Я с трудом отвела взгляд от его губ, коснувшихся тонких фарфоровых краёв, и вновь вернулась к своей каше, заставляя себя жевать только потому, что не желала покидать столовую, пока он находился здесь.

   Удивительно, но я никогда ещё не испытывала подобного смятения чувств, даже в тот момент, когда меня поцеловал Александр, наш сосед, хотя он был очень привлекательным юношей и нравился многим девушкам из числа моих сверстниц.
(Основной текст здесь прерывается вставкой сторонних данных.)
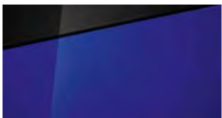
Intense Blue Pearl + € 795 Optioneel met dak in Phantom Black + € 895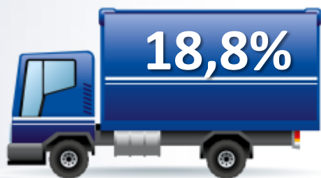
CD Mercadoria Terceirizada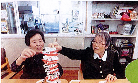
クラクラしているにも関わらず 迷うことなく積み重ねる...Σ(・ω・)/！！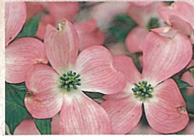
1 ハナミズキ 春は花、秋は紅葉と実が美しい。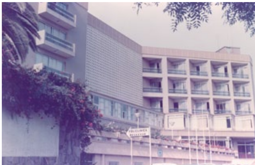
Hospiten Bellevue 1969 (Antiguamente denominada Policlínica Bellevue)

Además de estos doce centros médico-hospitalarios de alta complejidad el Grupo HOSPITEN cuenta con más de 100 centros ambulatorios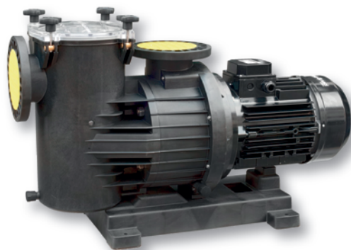
Magnus - s předfiltrem / with pre-filter Kontra - bez předfiltru / without pre-filter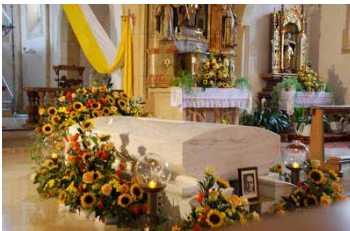
Hermosa tumba del santo en la iglesia parroquial of Mindelstetten, Baviera (Alemania)

María, Reina de la Paz ... Ruega por nosotros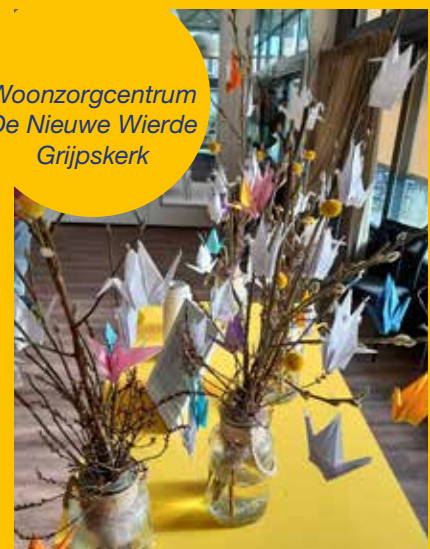
Woonzorgcentrum De Nieuwe Wierde Grijpskerk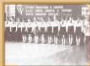
Встреча с гостем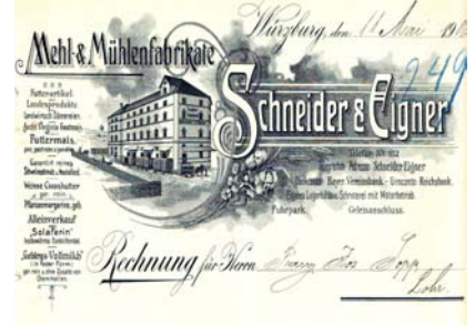
Abbildung des Hochlagers, davor Fuhrwagen und Waggons. Abheftlochungen, Knickfalten, gering fleckig. Format: 28,5x22. (E001)

Los 629 Ausruf: 13 € Würzburg. Wilhelm Stein, G. Hauer Nachfolger; Weissigfabrik 1906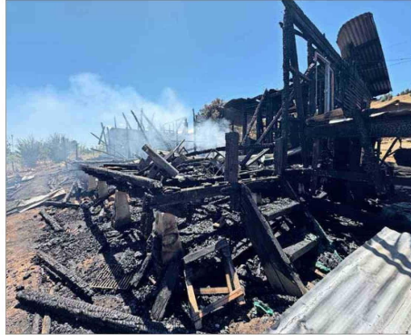
LA ARAUCANÍA. — En Lumaco, el 6 de enero, encapuchados entraron a la casa de un campo, obligaron a los ocupantes a salir y la quemaron.

“El problema es que están intercambiando tácticas y técnicas delictuales entre las zonas sur y central. Esto hace predecir un incremento de estas acciones en el mundo rural”.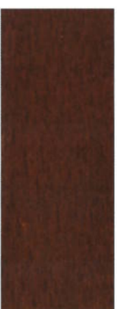
165, SP 165 Eiche dunkel auf Buche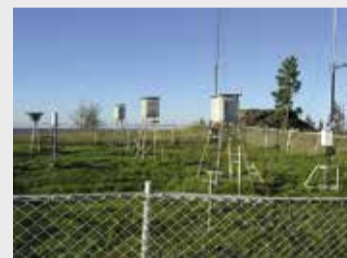
Метеостанция «Валаам» оснащена современным метеорологическим комплексом, но дизельный генератор не может обеспечить стабильного электроснабжения

Работы являются частью программы по модернизации и техническому перевооружению учреждений и организаций Росгидромета на территории Республики Карелия. Устойчивое электроснабжение метеостанции – первоочередной вопрос для точного прогнозирования. На сегодня уже построена новая трансформаторная подстанция, расчищены просеки линии электропередачи, устанавливаются опоры ВЛ.

   Самое ужасное, что вызывал эти непрошенные эмоции человек, которого мне полагалось звать своим отчимом и проявлять к нему соответствующее уважение. Ведь не воспринимала же я мачеху, как равную к себе. Пусть она вышла за моего отца, когда ей только исполнилось двадцать пять, а сейчас уже перевалило за тридцать девять, но у меня и в мыслях не было поговорить с Катрин как с подругой или поделиться с ней секретами. А Джаральду, кажется, около тридцати, он намного старше меня, но почему-то вызывает в душе целую бурю чувств с самого первого взгляда. В чём тут дело?
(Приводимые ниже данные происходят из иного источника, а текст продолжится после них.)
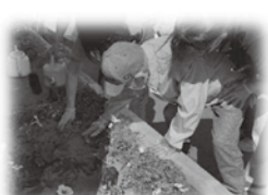
真剣にお花を植えています。

「ここに来るとホッとする」「ここに来るのが一番の楽しみ」とご利用者様に言って頂けることを励みに、今後もお利用者様が笑顔になれるデイサービスを目指して、職員一同、頑張つて参ります。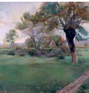
Museo de Bellas Artes

Lehenengo arte-adierazpenetatik hasita, artea izadian inspiratu izan da beti, bertako elementuak imitatu eta erreproduzitzeko xedearekin. Hala, naturala den hori –animaliak, landareak, paisaiak, giza gorputzak...– leialtasun handiagoz edo txikiagoz irudikatzea, edo haren funtsa harrapatu eta “artistikoki” adieraztea, izan da betidanik artistaren helburua.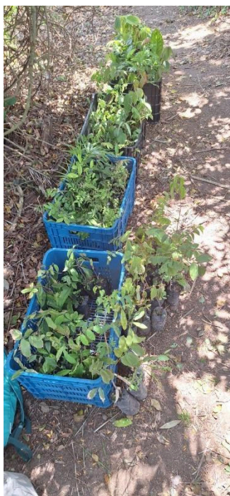
Figura 3 – 250 Mudas separadas para plantio em seu local definitivo no Morro das Andorinhas.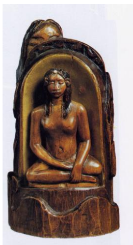
Paul Gauguin, Idole à la perle

Le mTL participe à cette exposition en prêtant l'œuvre Le Golfe de St Tropez (dépôt d'Etat).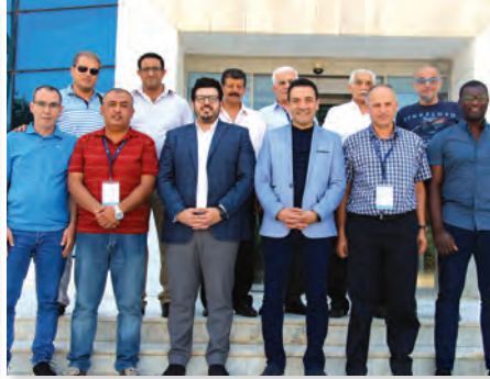
تدريب المدربين Training of Trainers

   Я так глубоко погрузилась в свои мысли, что когда отчим снова обратился ко мне, вздрогнула от неожиданности.

   — Поедем?

   — Что, простите? — подняв голову, я посмотрела на уже закончившего завтрак мужчину. Он легко поднялся на ноги и неспешно обошёл стол, остановившись рядом с моим стулом. Широкая ладонь легла на спинку, и Джаральд отодвинул стул, невзирая на то, что я всё ещё сидела на нём. Он вдруг наклонился, и его рука обвилась вокруг моей талии, а моё дыхание оборвалось, когда спиной на миг коснулась его груди, а макушка прижалась к его подбородку. Отчим поставил меня на ноги и опустил руку, а мне пришлось облокотиться на стол, чтобы устоять и не рухнуть на пол прямо у начищенных мужских сапог. Спина горела так, словно на ней остался не видимый глазу ожог.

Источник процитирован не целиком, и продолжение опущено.